Spotify adding Facebook-style apps from Rolling Stone, Last.fm to expand reach

GlobalPost

Spotify will add free Facebook-style apps to its streaming music service, partnering with Rolling Stone, pitchfork, Last.fm, Songkick, Billboard and CBS Corp.'s music-recommendation service.

The Swedish company, which launched its service in the U.S. in July, will also allow third-party developers to build new Spotify apps, according to Mashable.

The apps would remain subject to Spotify's approval, Chief Executive Daniel Ek said in an interview with the Wall Street Journal, comparing the approval process to the one used by Apple's App Store.

"It's going to be more like the Apple model," Ek reportedly said. "We want to make sure the quality of the apps we get in is really, really high."

The WSJ wrote that while Spotify lets users listen to any of its 15 million songs instantly, "finding new music they actually want to hear is a major focus of the new features."

The move "could differentiate the Swedish company amid growing competition from Google Inc., Amazon.com Inc. and Apple Inc," it added.
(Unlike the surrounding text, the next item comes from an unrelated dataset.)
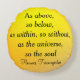 Une forme féminine remplie d'étoiles, de lunes et de soleils avec la citation "Comme ci-dessus, ainsi ci-dessous, comme à l'intérieur, donc sans, comme l'univers, ainsi l'âme" par Hermes Trismegistus
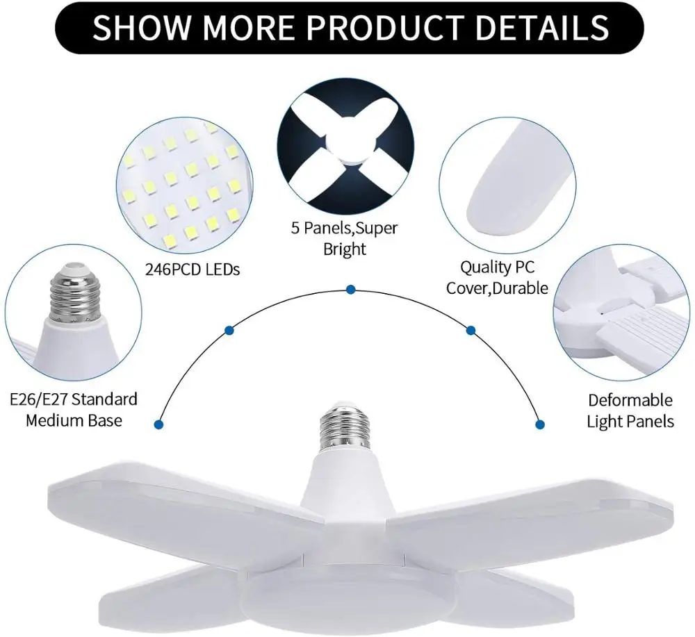 4. [Простая установка]-нет инструментов, Нет проводки, нет профессиональных электриков, просто закрутите в гнездо среднего размера. Отсутствие вредных веществ, таких как ртуть и свинец, отсутствие излучения, 100% защита окружающей среды, 100% безопасность и простота установки.

The Stockholm-based company hopes the apps will broaden Spotify’s reach and take advantage of its vast music library, as well as its deeper social integration with Facebook.

Rolling Stone publisher Jann Wenner calls Spotify, based in Stockholm, as the "ultimate jukebox."

At the Spotify Platform launch in New York on Wednesday, Spotify said the apps would be available first for the desktop, but depending on their success made available on other platforms.